One example of such a gene is a gene for awn roughness, which is very different between wild and domesticated barley (Figure 16 a). Rough awns evolved allow grains to adhere to the fur of animals, for example, and therefore contribute to the geographic distribution (and ultimately, fitness) of wild barley. However, this trait is superfluous in domesticated barley, because seeds are not shattering anymore and the rough awns cause pain to the farmers during the harvest. A detailed analysis of the best hit in the GWAS analysis and in a related type of analysis called bulk segregant analysis identified the Rough awn 1 gene as causal gene for this trait. The causal mutation is a splice-site mutation, which changes the processed messenger RNA (mRNA) of this gene (Figure 16 b and c). This gene was validated as causal gene in a mutagenized barley population in which individuals with soft awns carried different mutations that also disrupted the funtion of the Rough awn 1 gene (Figure 16 d and e).

A similar study was carried out for an ancient crop of the Americas, amaranth. There are three types of grain amaranth (Amaranthus caudatus, A. cruentus and A. hypochondriacus) that were all domesticated from the same wild species, Amaranthus hybridus. A key domestication traits are white seeds in comparison to red seeds of wild amaranth. The whole genome resequencing of a set of wild and domesticated amaranths, and the subsequent GWAS, Bulk segregant analysis and QTL analysis of the trait revealed the same set of two genomic regions associated with the trait. The genomic region with the stronger statistical support harbors a so-called MYB-like transcription factor gene. Closely related genes (homologs) of this gene in other species were shown to be involved in controlling seed or fruit color by regulating the anthocyanin or betalain pathways. In the case of amaranth, further functional validation is required to test the hypothesis that the Amaranth MYB-like gene is a causal gene for seed color.

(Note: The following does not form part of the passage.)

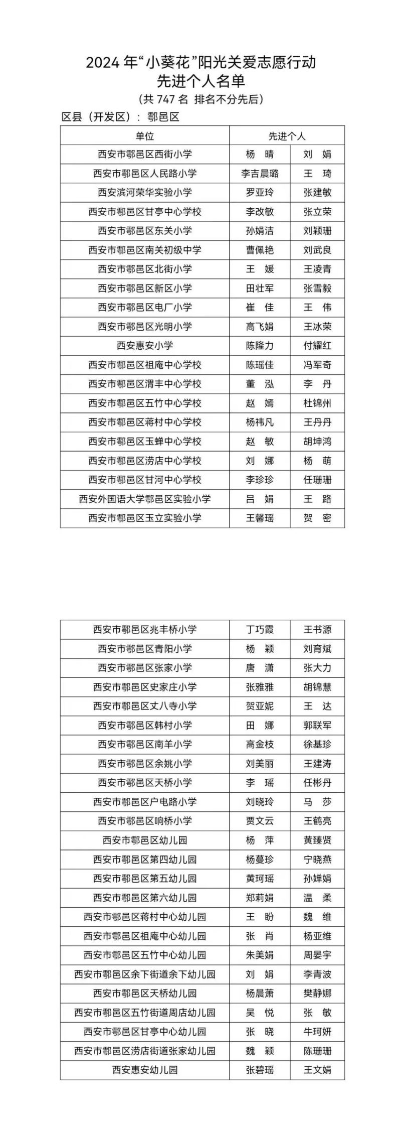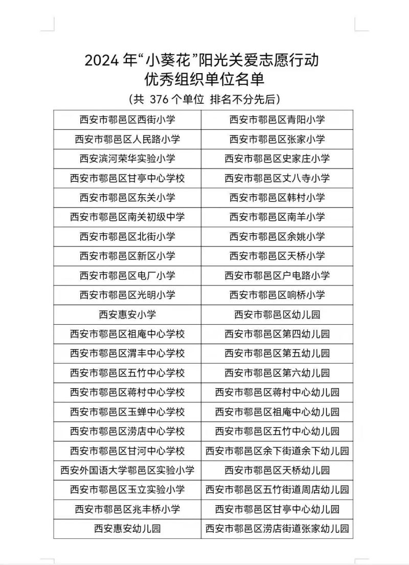 通报中鄠邑区教育局被授予2024年“小葵花”阳光关爱志愿行动突出贡献单位荣誉称号;鄠邑区西街小学等44所学校(园)被授予2024年“小葵花”阳光关爱志愿行动优秀组织单位荣誉称号;杨晴等88人被授予2024年“小葵花”阳光关爱志愿行动先进个人荣誉称号。

These examples (and many others in the scientific literature) show that GWAS of plant genetic resources is a powerful approach to identify many genes that may reveal the history of domestication or can be used in modern plant breeding programs using approaches like marker-assisted selection.
Key concepts
\(\square\) Genome-wide association study (GWAS) | \(\square\) Genotype x Environment (GxE) interaction | \(\square\) Multiple testing problem |
\(\square\) Confounding effect of population structure | \(\square\) Linear (mixed) model | \(\square\) Allelic heterogeneity |
Summary
- Genetic mapping with GWAS and related methods is a powerful approach to understand the genetics of phenotypic variation in plant genetic resources
- GWAS is based on the association between genotypic and phenotypic variation
- Population structure present in the analysed population may cause confounding and many false positive associations
- Multiple methods for GWAS are available.
- Methods based on linear mixed models are particular powerful because they can correct for population structure
- GWAS is challenging because epistatic interactions, allelic heterogeneity and GWAS on subsamples interfere with a simple interpretation of GWAS results
Further reading
- Cortes et al. (2021) - An accessible and timely review of GWAS in plants
Study questions
- What are the key differences between GWAS and QTL linkage methods for genetic mapping?

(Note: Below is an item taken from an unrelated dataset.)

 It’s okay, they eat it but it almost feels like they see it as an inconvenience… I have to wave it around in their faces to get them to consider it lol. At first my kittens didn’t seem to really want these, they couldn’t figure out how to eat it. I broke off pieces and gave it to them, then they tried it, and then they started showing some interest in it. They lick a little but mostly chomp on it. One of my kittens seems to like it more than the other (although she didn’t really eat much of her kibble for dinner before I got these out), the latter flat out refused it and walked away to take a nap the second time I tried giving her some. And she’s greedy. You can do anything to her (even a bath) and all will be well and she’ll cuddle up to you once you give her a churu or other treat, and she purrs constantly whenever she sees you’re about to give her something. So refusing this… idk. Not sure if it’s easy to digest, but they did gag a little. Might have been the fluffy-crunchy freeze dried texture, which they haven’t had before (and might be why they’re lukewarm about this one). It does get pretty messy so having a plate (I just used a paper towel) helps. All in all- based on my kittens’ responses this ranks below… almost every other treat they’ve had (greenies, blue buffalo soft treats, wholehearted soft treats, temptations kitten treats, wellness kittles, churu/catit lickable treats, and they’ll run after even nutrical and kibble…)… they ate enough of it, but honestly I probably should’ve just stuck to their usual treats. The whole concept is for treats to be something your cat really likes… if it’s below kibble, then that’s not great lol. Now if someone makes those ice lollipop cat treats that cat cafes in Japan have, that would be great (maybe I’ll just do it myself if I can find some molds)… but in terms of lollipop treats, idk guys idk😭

- What are the advantages and disadvantages of each of the two methods?
- Why doese population structure in a sample cause many false positive associations if it is not corrected by the model used for analysis?

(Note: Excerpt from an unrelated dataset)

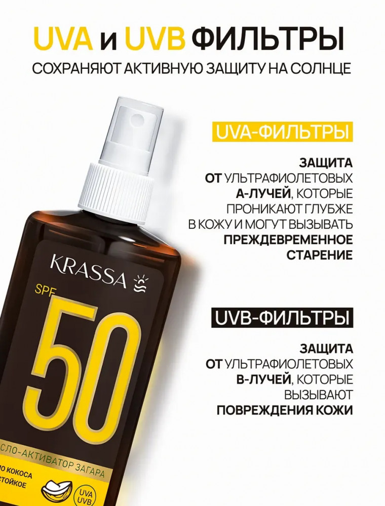 Krassa Масло-активатор загара с маслом кокоса SPF 50-13% +27

- If there is a perfect correlation between a phenotypic trait of interest and population structure: Would GWAS be able to identify the causal gene, and would other methods be able to identify the gene controlling the trait?
- Why is allelic heterogeneity a problem in GWAS studies?
- Why is it useful and interesting to carry out GWAS in plant genetic resources?
- Which strategies can be used to further utilized significant trait-marker analysis from GWAS?